Optimal density constant for metric graphs

Determine whether the constant (1/12)·e(G) in Theorem \ref{thm:optimal-graph} is optimal for compact, connected metric graphs G. Specifically, under the hypothesis that the subset X ⊂ G satisfies d_H(G,X) > \vec{d}_H(∂G,X) when ∂G ≠ ∅, prove or refute the conjecture that the lower bound can be strengthened to d_GH(G,X) ≥ min{ d_H(G,X), (1/8)·e(G) }, i.e., show that if d_GH(G,X) < (1/8)·e(G) then d_GH(G,X) ≥ d_H(G,X).

Background

Theorem \ref{thm:optimal-graph} establishes that for a compact, connected metric graph G with shortest non-terminal edge length e(G), and a subset X ⊂ G satisfying a boundary-density condition (d_H(G,X) > \vec{d}_H(∂G,X) when ∂G ≠ ∅), one has d_GH(G,X) ≥ min{ d_H(G,X), (1/12)·e(G) }. This yields equality d_GH(G,X) = d_H(G,X) whenever d_GH(G,X) < (1/12)·e(G).
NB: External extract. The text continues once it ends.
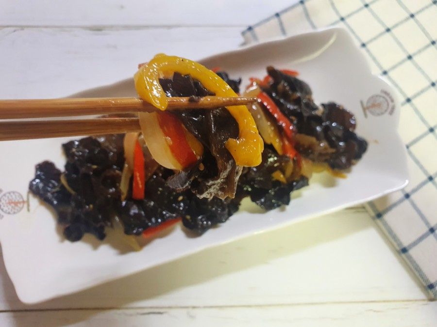 Agrega 0.5 cucharada de azúcar para equilibrar los sabores salados. Continúa salteando durante otros 2-3 minutos, asegurándote de que todos los ingredientes estén bien combinados y cubiertos con la salsa, hasta que las orejas de madera estén cocidas y tengan una textura ligeramente masticable.
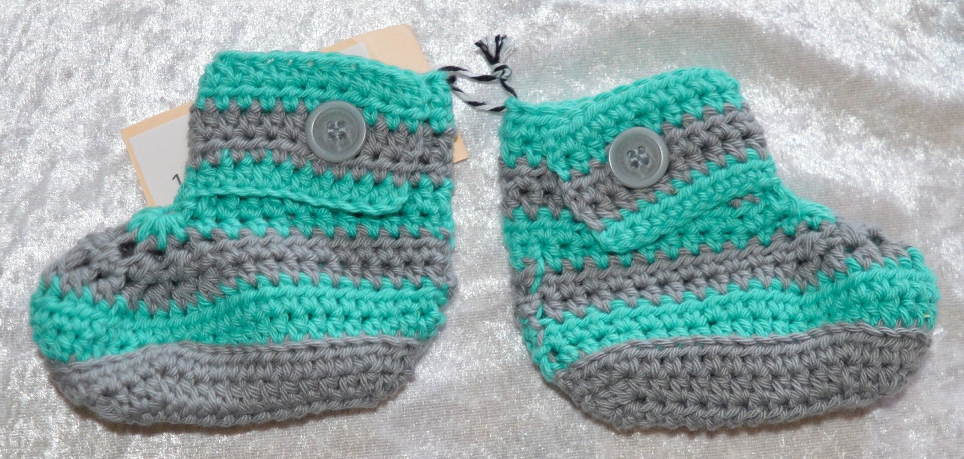 Baby Schühchen Schuhe gehäkelt 9,5 cm (ca. 4-6 Monate) *türkisgrün grau*

The authors ask whether the constant (1/12)·e(G) is optimal and conjecture an improvement to (1/8)·e(G), which would strengthen the lower bound and the equality threshold for sufficiently dense subsets of metric graphs. This problem concerns sharpening the quantitative relationship between Gromov–Hausdorff and Hausdorff distances in the graph setting.